Hello,
I am runnintg vSphere 5.1 on 5 Dell Poweredge R715s with a NetApp 2040 over NFS. Our cluster services both VMware View (5.0.1) and virtual servers. All Servers have identical hardware and were purchased at the same time. Ever since upgrading to 5.0 and installing VMware View, we have experienced ESX hosts just randomly restarting.This is happening to all 5 servers in the cluster. The reboots can happen anywhere from a week or a couple of months.
There are no errors in the logs at all. VMware reports the host just becomes unresponsive then the host goes down, restarts, and then continues like nothing ever happened. I have worked with both VMware and Dell server support over the last few months to resolve the issue.

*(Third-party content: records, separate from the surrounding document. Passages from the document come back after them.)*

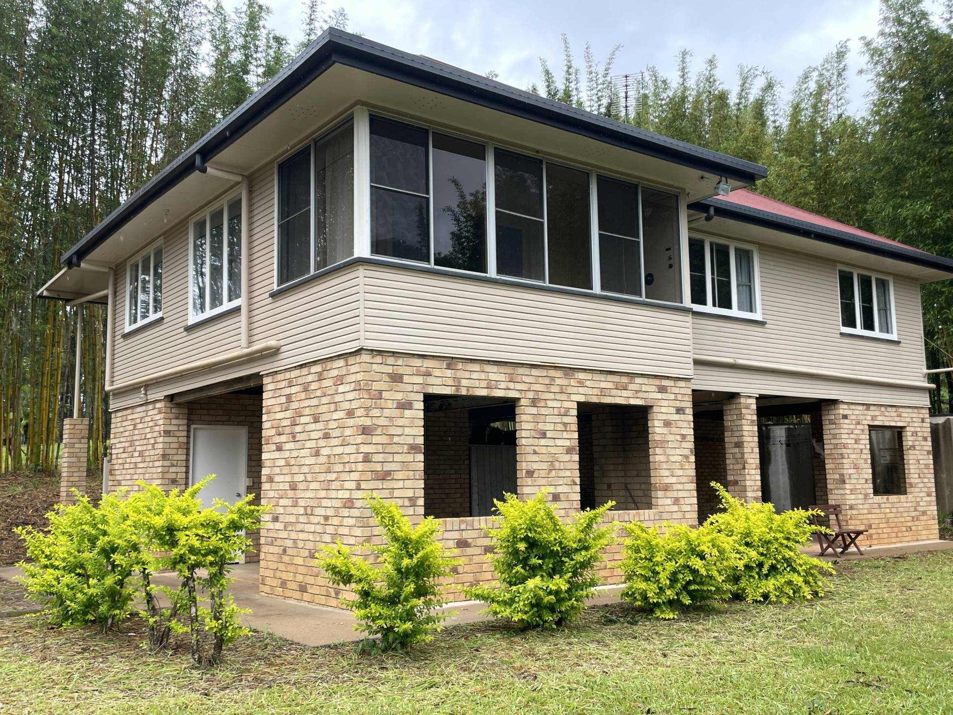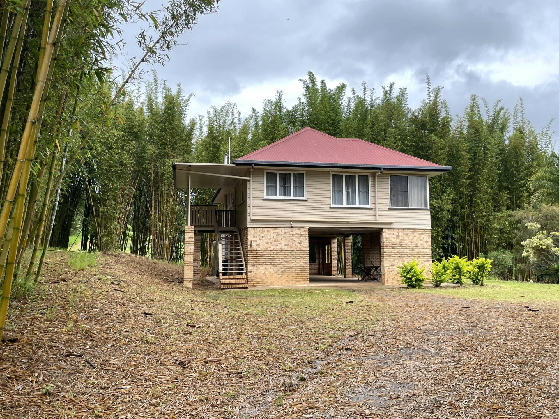 This high set home in Brooloo is located on 5 acres with fruit trees and established bamboo planting.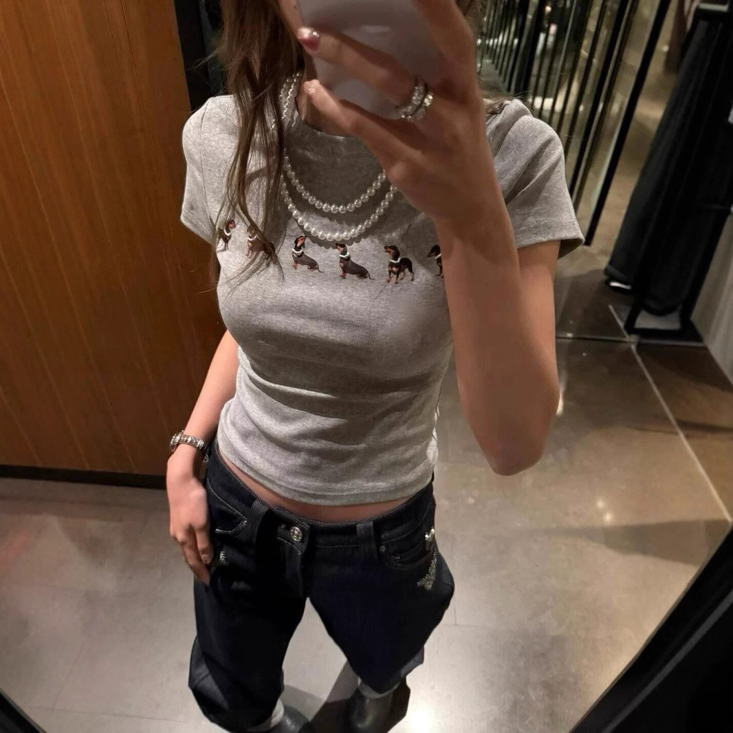 그레이 닥스 훈트 강아지 어깨 반팔 티셔츠 여성 여름 2025 새로운 슬림 핏 짧은 핫 걸 탑 Ins스토어 가기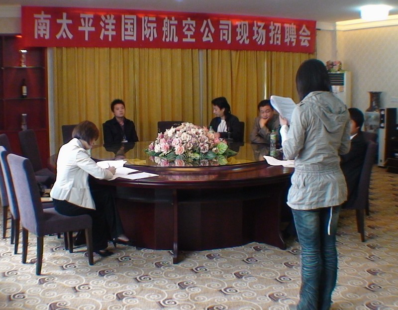 10月28日上午,南太平洋国际航空公司来校举办现场招聘会,来自pg电子官网旅游系2006级航空服务专业、NEP航空服务专业和其他系部的150余名学生参加了此次现场招聘会。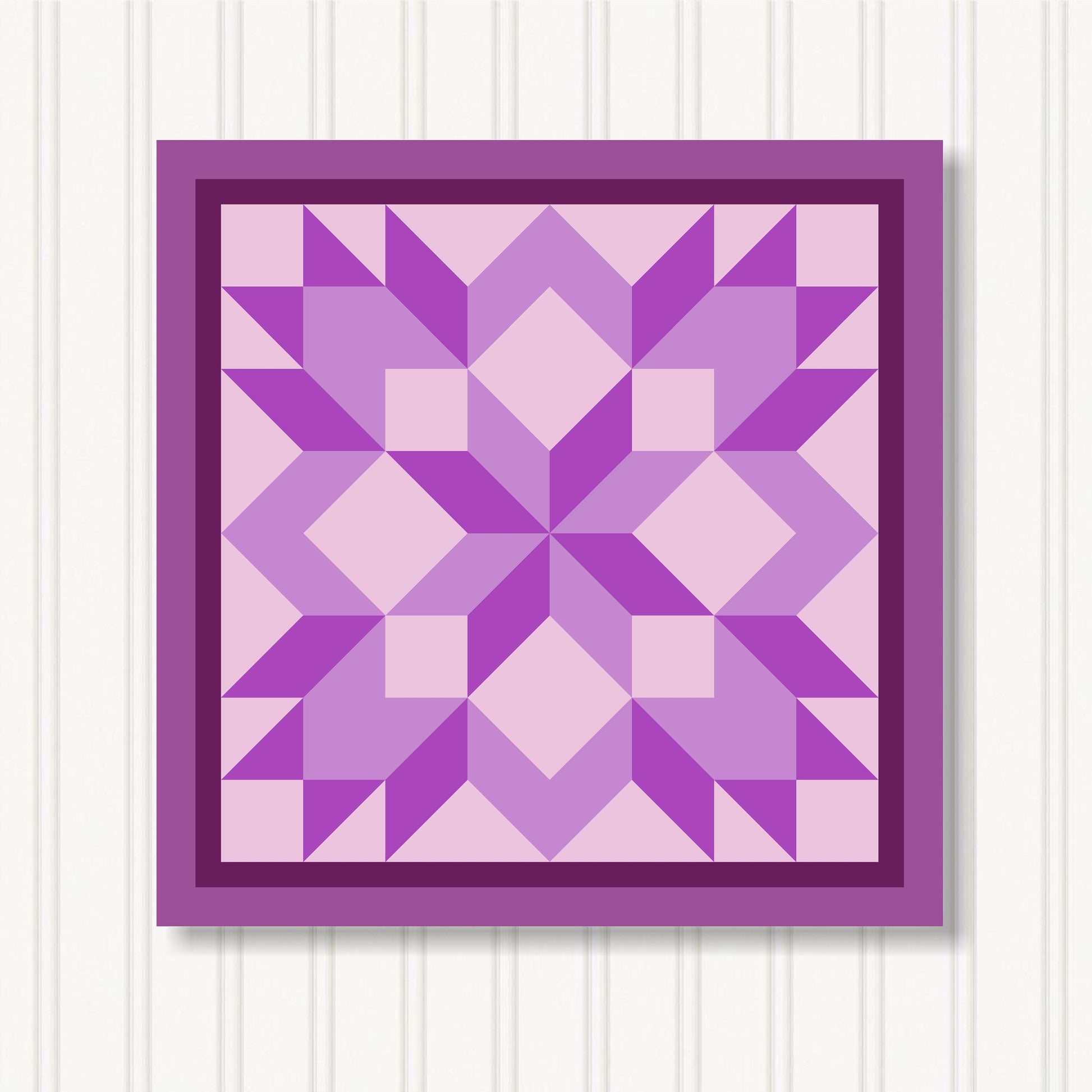 Our indoor barn quilts are crafted from 3/4" particle board which makes them thick and sturdy. The Barn Quilt Indoor Canvas Squares and printed with UV Ink on archival canvas that creates a beautiful satin finish. The canvas is stretched around the board and finished with museum quality edges. We include hangers on the back of our barn quilt canvases for mounting them on the wall.

I have had VMware (up to level 3 support) go over the logs and have found nothing (all from Syslog, VMware support bundles, and DRAC logs). They just suggest going back to Dell assuming its a hardware component issue. The logs literally show nothing no errors or anything.
I have had Dell reviewed my BIOS settings on each server. We have confirmed C states are disabled, virtualization support is enabled, and power settings are set to maximum performance. All VMware patches and Dell firmware is up to date or on stable versions. All Dell hardware checks out from the system services console. Dell has shipped me new PSUs for all the servers and that hasn't solved the problem. I am at the stage where I am going to make Dell change out the remaining parts such as system board, RAM, and CPU or give me new servers.
However I am just at a loss as to what could be causing this problem and everyone else who should have an idea doesn't seem to know either. I can't be the only person who has experienced this type of behavior with Dell servers. Can anyone tell me what I might be missing?